* _Material to process_
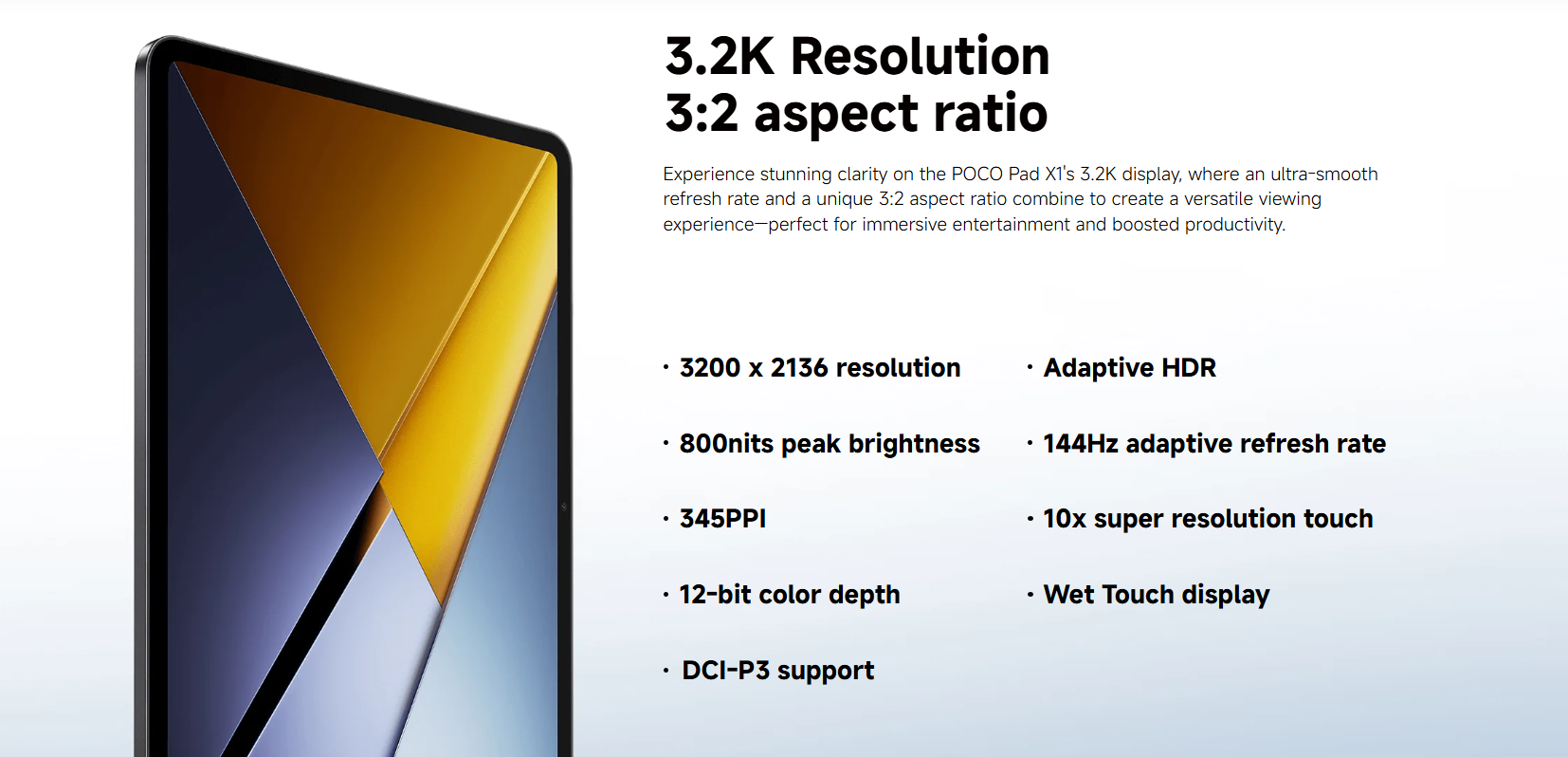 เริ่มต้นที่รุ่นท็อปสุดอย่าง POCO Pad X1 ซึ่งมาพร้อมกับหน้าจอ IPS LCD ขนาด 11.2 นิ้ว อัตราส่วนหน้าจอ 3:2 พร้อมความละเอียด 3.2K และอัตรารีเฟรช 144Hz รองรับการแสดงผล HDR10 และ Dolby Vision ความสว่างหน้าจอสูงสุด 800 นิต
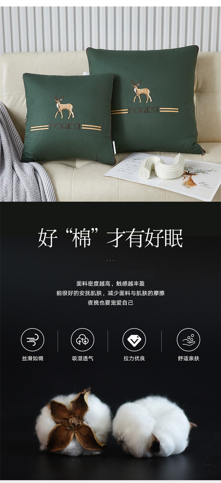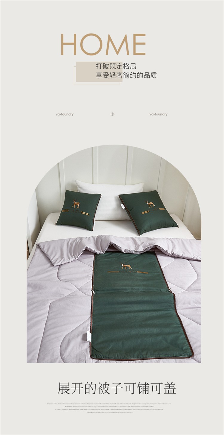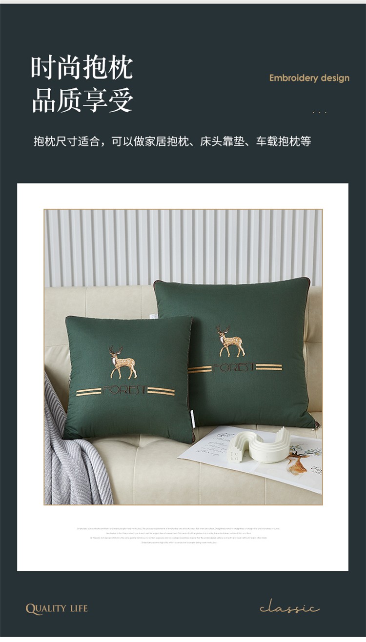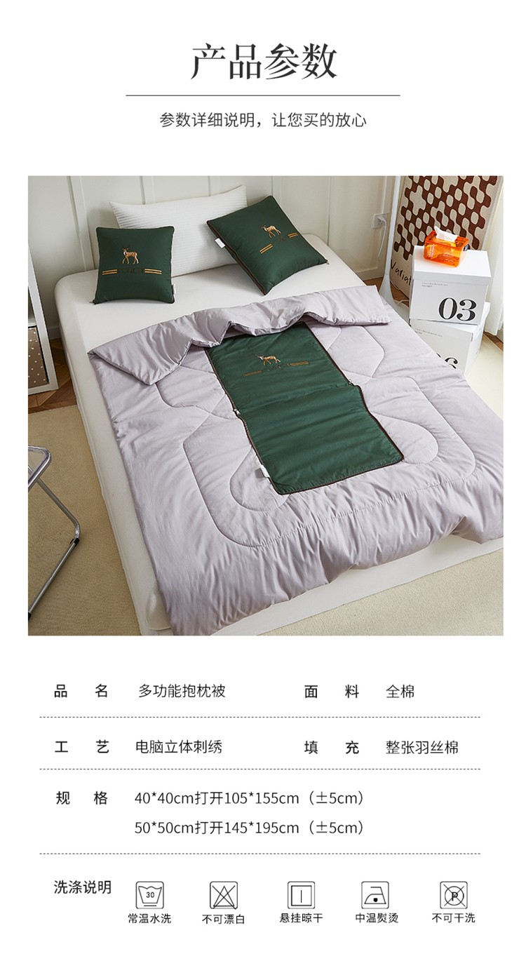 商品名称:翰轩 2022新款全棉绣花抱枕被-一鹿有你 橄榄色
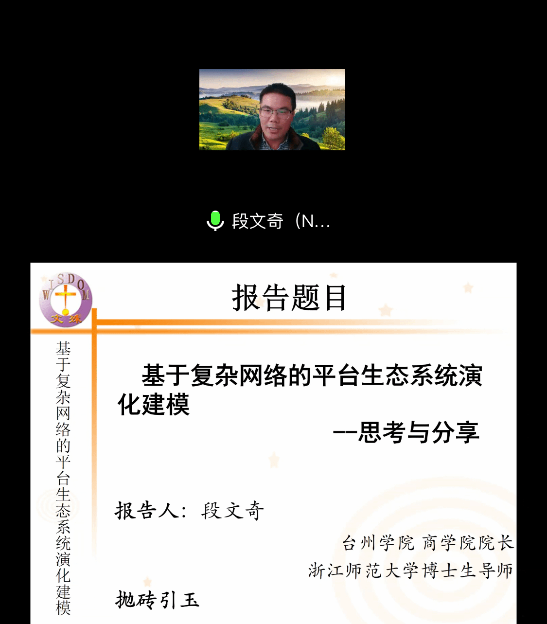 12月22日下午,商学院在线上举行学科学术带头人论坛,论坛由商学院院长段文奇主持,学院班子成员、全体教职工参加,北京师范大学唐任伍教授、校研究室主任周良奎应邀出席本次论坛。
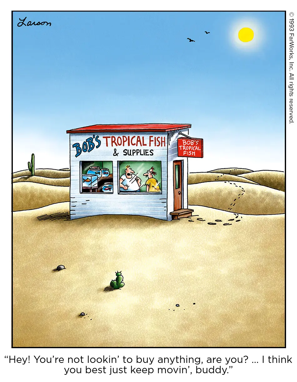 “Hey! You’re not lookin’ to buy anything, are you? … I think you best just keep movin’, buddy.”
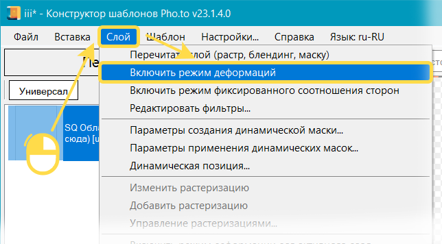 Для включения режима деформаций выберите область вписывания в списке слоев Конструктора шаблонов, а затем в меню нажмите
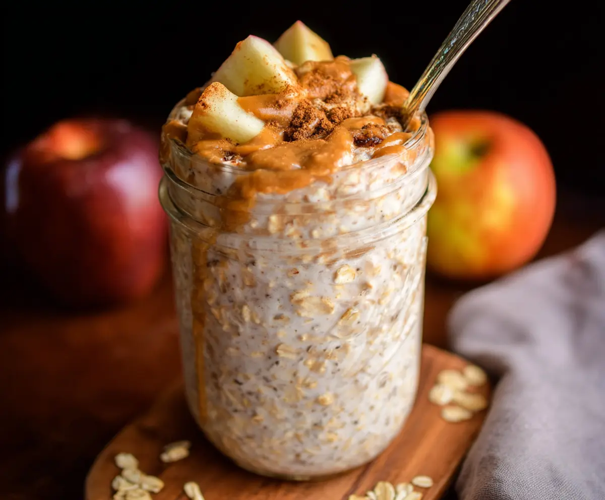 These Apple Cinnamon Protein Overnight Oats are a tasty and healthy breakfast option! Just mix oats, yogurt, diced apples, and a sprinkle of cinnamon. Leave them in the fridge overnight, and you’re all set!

* _Work task_
Once the line containing "商品名称:翰轩 2022新款全棉绣花抱枕被-一鹿有你 橄榄色" is found, it and every line through the end of the records above should be output exactly, with no pictures.

* _Answer section_
 商品名称:翰轩 2022新款全棉绣花抱枕被-一鹿有你 橄榄色
 12月22日下午,商学院在线上举行学科学术带头人论坛,论坛由商学院院长段文奇主持,学院班子成员、全体教职工参加,北京师范大学唐任伍教授、校研究室主任周良奎应邀出席本次论坛。
 “Hey! You’re not lookin’ to buy anything, are you? … I think you best just keep movin’, buddy.”
 Для включения режима деформаций выберите область вписывания в списке слоев Конструктора шаблонов, а затем в меню нажмите
 These Apple Cinnamon Protein Overnight Oats are a tasty and healthy breakfast option! Just mix oats, yogurt, diced apples, and a sprinkle of cinnamon. Leave them in the fridge overnight, and you’re all set!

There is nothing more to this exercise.